Thursday, 19 June 2008

Talk and (balsamic) vinegar

Slow Food London continues its series of original events with a balsamic vinegar tasting at the Natural Kitchen, in London’s Marylebone (

Expert taster Manlio Guidetti grew up among the acetaie (sets of vinegar barrels) of Modena, in Italy’s Emilia-Romagna, and can spot a watery caramel-boosted fake a mile off, and tell you how to do so, too.

An excellent balsamic vinegar should be very well balanced in sweetness and acidity; not too dense but relatively fluid, and have a Guinness colour with a deep gold hue that is still transparent on a white plate.

Two good buys are a three-year-old Bellei at £4.10 for 250ml and a 12-year old 100ml bottle by Acetaia Sereni for £20 (Orrery Epicerie, Marylebone; 0207 616 8036).

The tasting will demonstrate how to use different ages and styles of balsamic vinegar with various foods.
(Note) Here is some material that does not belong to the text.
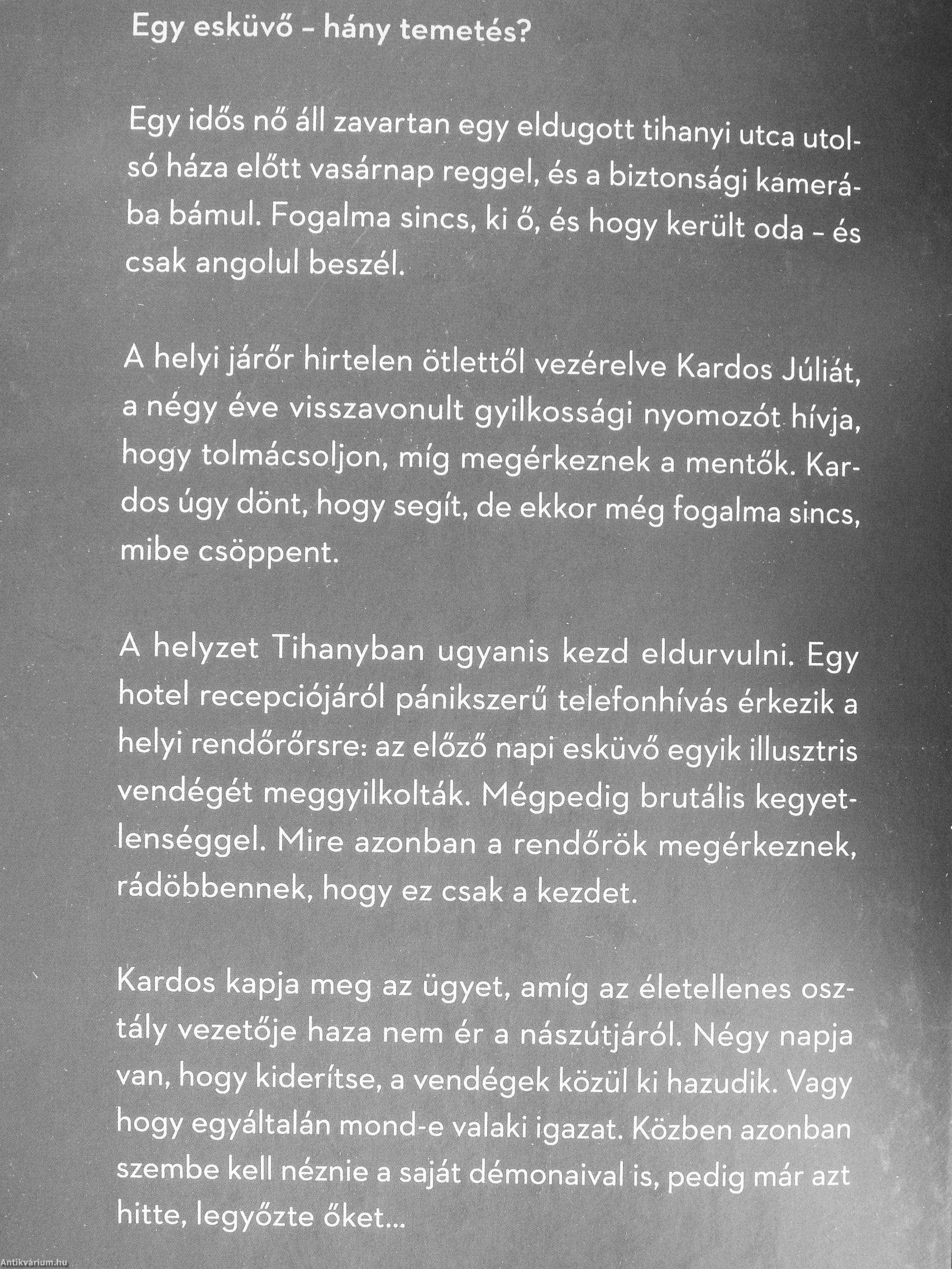 Kardos kapja meg az ügyet, amíg az életellenes osztály vezetője haza nem ér a nászútjáról. Négy napja van, hogy kiderítse, a vendégek közül ki hazudik. Vagy hogy egyáltalán mond-e valaki igazat. Közben azonban szembe kell néznie a saját démonaival is, pedig már...

For example, use a couple of drops of aged balsamic vinegar instead of sugar to marinate strawberries or fresh figs and melon and then serve with a dollop of mascarpone.

It’s officially the last week for asparagus in Britain so griddle some while you can and serve it with parmesan shavings, and tiny splashes of olive oil and balsamic vinegar.

In Emilia Romagna eight-to-ten-year old balsamic vinegars are used to “pepper” simple regional dishes such as shelled broad beans with thin slices of pecorino; or to draw out some of the sweetness from the cured fat in an antipasto of San Daniele ham and Felinetto salami.

Murray’s in Clevedon, Somerset, recommends a ruby-red sparkling Lambrusco, Picol Ross from small producer Paolo Rinaldini (£10; 01275 341222). It’s a summer-friendly wine, best served chilled, with a hint of violet on the nose and sweet blackberry on the palate. Its acidic edge helps to slice through Emilia’s hearty cuisine.